* Task to complete: Working from the data below, write out exactly the lines from its first through the line that contains "贝贝怡新生儿婴幼儿新年贺岁满月宝宝保暖羽绒连体衣冬哈衣214L501", both ends included and pictures omitted.

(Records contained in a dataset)
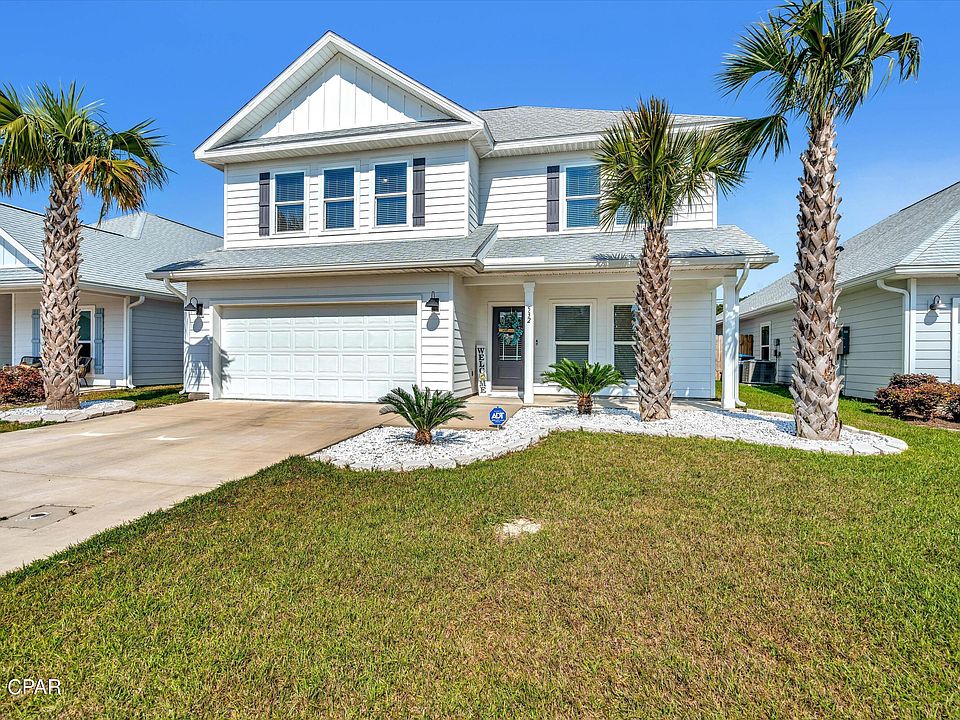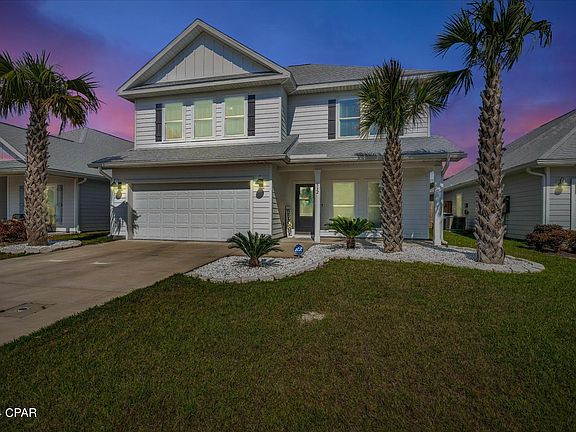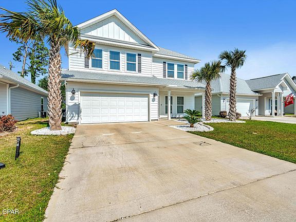 Located at the end of a quiet cul-de-sac this immaculate 4BR/3.5BA home is ready for you! Over 2,600 square feet of living space with primary bedroom down including huge walk-in closet, overlooking privacy-fenced backyard with covered patio for your enjoyment. Master bath offers nice-sized walk in shower and separate tub. Kitchen boasts stainless appliances, granite countertops and smooth-top stove with plenty of cabinetry and pantry. This craftsman style home has plenty of storage too. Upstairs you'll find 3 additional bedrooms, a jack and jill bath and a spacious family/game room perfect for a pool table, mancave or second living area. Vinyl plank flooring down with carpeting up. Built in 2021 so you'll get smart-home technology with keyless entry, echo dot, touch screen panel and doorbell. Location is perfect...you can be in town or the navy base in 5 minutes, the State Park and beaches in 10, plus fabulous Grand Lagoon with waterfront dining and shopping nearby.
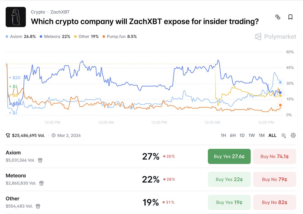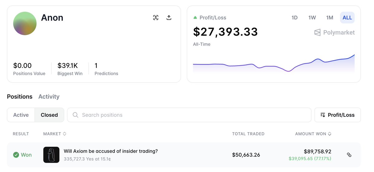 An anon trader used a new wallet to bet $50.7K that Axiom would be accused of insider trading by @zachxbt, when the odds were only 15.1%.
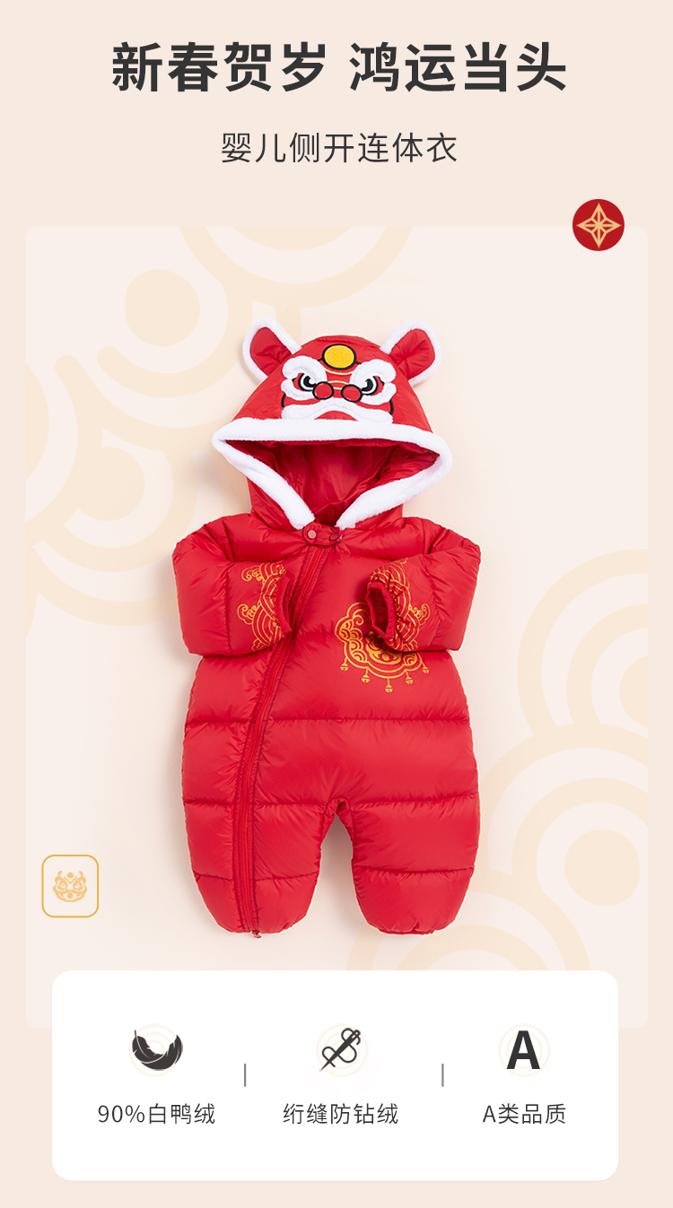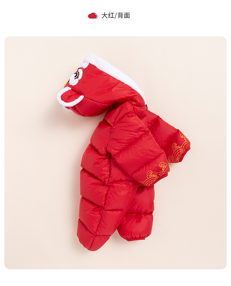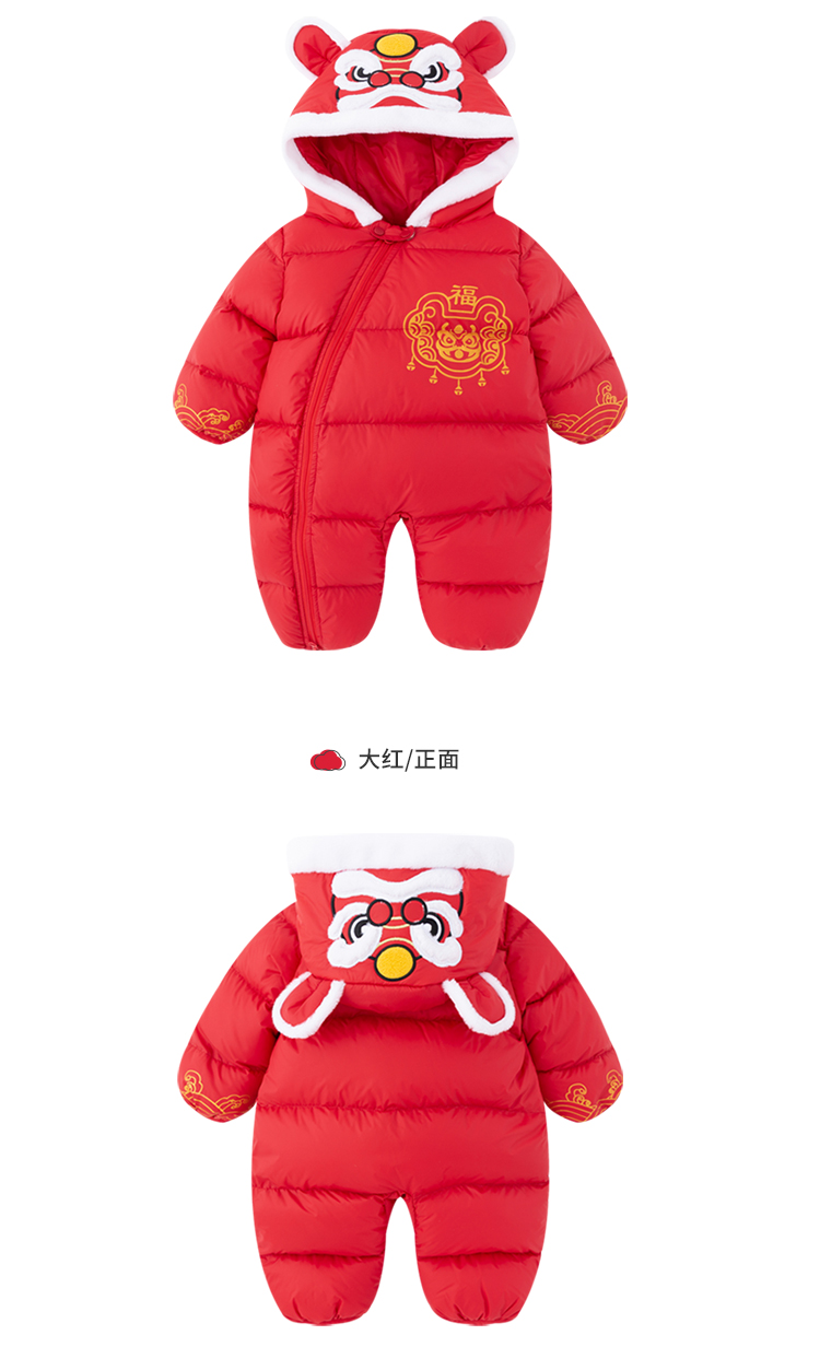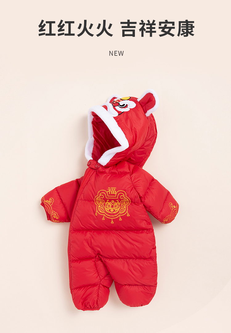 贝贝怡新生儿婴幼儿新年贺岁满月宝宝保暖羽绒连体衣冬哈衣214L501
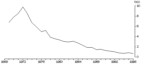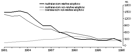 Trends in adoption Australia-wide statistics on the number of adoptions have been available since the year ended 30 June 1969. The number of adoptions in Australia peaked in 1971-72, when 9,798 adoptions were recorded. Four years later this number had halved (4,990 in 1975-76), by 1979-80 it had dropped to one third (3,337) and by 1995-96 there were only 668 adoptions recorded in Australia. Since overseas adoptions made up only a small proportion of all adoptions until the mid 1980s, the decline since the 1970s can be attributed to the fall in the number of Australian-born children available for adoption. The major turnaround in the number of adoptions after 1972 occurred at a time of rapidly changing social attitudes surrounding the plight of young unmarried mothers. The introduction of the Supporting Mothers' Benefit in July 1973 meant that single parenting for young unmarried mothers became a realistic option, thus reducing the pressure to relinquish their child for adoption. The turnaround also occurred at a time when attitudes and laws relating to the termination of unwanted pregnancies were changing. The conditions under which a pregnancy could be terminated were relaxed in Victoria in 1969 and New South Wales in 1972 (the two most populous States in Australia). General practitioners, in line with changing community attitudes, had started prescribing the contraceptive pill (previously restricted to married women) to young unmarried women. This, together with the emergence of family planning centres (see Australian Social Trends 1998, Family planning) and sex education classes, had a big impact on the ability of young women to avoid unwanted pregnancies. In addition, the number of women in the workforce has increased over the last two decades, as has access to child care facilities. This has further improved women's economic independence and their ability to support a family on their own.2 As a result of these changes, the supply of new-born babies available for adoption dropped sharply. In 1979-80, when information about the ages of adoptees was first available, adopted children aged under one year represented 81% of all adoptions of Australian-born children by non-relatives. By 1995-96 this had dropped to 33%. The more recent development of alternative reproductive technologies, such as in-vitro fertilisation (IVF) and gamete intrafallopian transfer (GIFT) have avoided the need for adoption for some couples unable to conceive a child naturally, although the number of such cases is small. In 1994 in Australia there were 2,715 births following IVF or GIFT treatment.3 RELATIVE AND NON-RELATIVE ADOPTIONS, 1980-81 TO 1995-96 Year ending 30 June Source: AIHW, Adoptions Australia, 1995-96, 1997; AIHW, Adoptions Australia, 1994-95, 1996; AIHW, Adoptions Australia, 1993-94, 1995. Changes in legislation Recent changes in legislation are likely to affect the number of adoptions in the future. First, the introduction of the Family Law Reform Act (1996) and changes to individual State and Territory laws have restricted adoption by relatives, particularly those by step parents. Step parents adopt children to legally integrate the child into a new family structure by changing the child's name and giving full legal rights and obligations to the step parent.4 The restrictions now allow non-custodial parents to retain rights of guardianship, access or custody.5 Adoptions by relatives other than step parents are also now discouraged as they can distort biological relationships. For example, if a child is adopted by a sibling, the birth mother would then become the child's grandmother. Most States and Territories have policies in place which promote the use of guardianship or custody orders, rather than adoptions, to place children in the care of non-parental relatives.5 Second, alternative legal orders have been introduced that transfer guardianship and custody of a child to another person without changing the child's legal status. For instance, in 1995-96 in Victoria, 110 permanent care orders were granted, compared to 74 adoptions of Australian-born children. As a result, adoptions by relatives have dropped more sharply than those by non-relatives. The number of Australian-born children adopted by relatives had already been declining at a faster rate than those adopted by non-relatives since 1980-81. In most years since 1988-89 there have been more children adopted by non-relatives than by relatives. AUSTRALIAN-BORN CHILDREN ADOPTED BY NON-RELATIVES, BY AGE
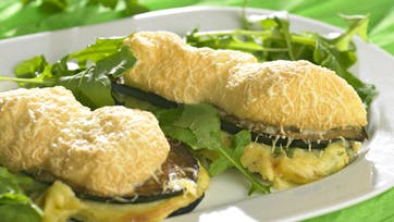 Skær auberginerne i "skosåler" og salt dem 1 time, dup dem tørre. Pensl med lidt olie og grill under ovngrill i 10-15 min. Sauter løg i smør, bag af med melet og jævn med mælken. Smag til med ost, salt, peber og citron og leger med æggeblomme. Læg halvdelen af aubergineskiverne i et ovnfast fad og hæld massen over. Læg låg på. Pisk æggehviden stiv og læg over låget og drys med ost. Stil i ovnen ved 200° i ca. 15 min.
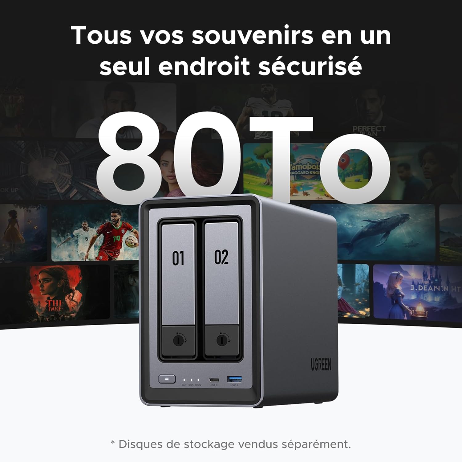 Avis sur UGREEN NASync DXP2800, 2-Bay Desktop NAS, Quad-Core Intel N100 Processor, 8GB DDR5 RAM, 2.5GbE, 2 M.2 NVMe Slots, HDMI 4K, Network Storage (No Disk) (DXP2800)
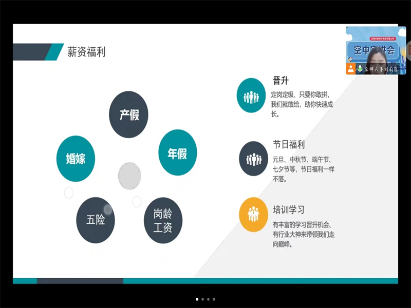 会议伊始,乐畔人力资源负责人刘莉愿女士为毕业生播放了企业宣传片,向大家展示了河南乐畔电子商务有限公司的发展历程与企业文化,让同学们对企业有了初步了解,河南乐畔属于创新型电商平台,以传统电商+新型电商为一体的模式。而后,刘女士通过PPT展示的方式,向同学们更全面的介绍公司本次招聘岗位的要求。本次的招聘岗位有带货主播(抖音/淘宝),招聘人数为20人,薪资为8000——15000元;直播场控(抖音),招聘人数为5人薪资为4000——6000元;编导,招聘人数为3人,薪资为4500元+提成;剪辑,招聘人数为3人,薪资为4500元+提成;客服(售前/售后),招聘人数为4人,薪资为4000——10000元;采购,招聘人数为1人,薪资为4000——7000元;管培生,招聘人数为5人,薪资为5000元。入职员工享有丰厚福利,如年假、产假、五险一金、节日福利等。在最后的提问环节,部分毕业生提出了一些疑问,刘女士一一解答,会议取得圆满结束。
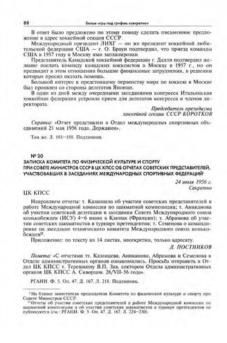 Записка Комитета по физической культуре и спорту при Совете Министров СССР в ЦК КПСС об отчетах советских представителей, участвовавших в заседаниях международных спортивных федераций. 24 июля 1956 г. // РГАНИ. Ф. 5. Оп. 47. Д. 167. Л. 218. Подлинник.

* Task solution:
 Located at the end of a quiet cul-de-sac this immaculate 4BR/3.5BA home is ready for you! Over 2,600 square feet of living space with primary bedroom down including huge walk-in closet, overlooking privacy-fenced backyard with covered patio for your enjoyment. Master bath offers nice-sized walk in shower and separate tub. Kitchen boasts stainless appliances, granite countertops and smooth-top stove with plenty of cabinetry and pantry. This craftsman style home has plenty of storage too. Upstairs you'll find 3 additional bedrooms, a jack and jill bath and a spacious family/game room perfect for a pool table, mancave or second living area. Vinyl plank flooring down with carpeting up. Built in 2021 so you'll get smart-home technology with keyless entry, echo dot, touch screen panel and doorbell. Location is perfect...you can be in town or the navy base in 5 minutes, the State Park and beaches in 10, plus fabulous Grand Lagoon with waterfront dining and shopping nearby.
 An anon trader used a new wallet to bet $50.7K that Axiom would be accused of insider trading by @zachxbt, when the odds were only 15.1%.
 贝贝怡新生儿婴幼儿新年贺岁满月宝宝保暖羽绒连体衣冬哈衣214L501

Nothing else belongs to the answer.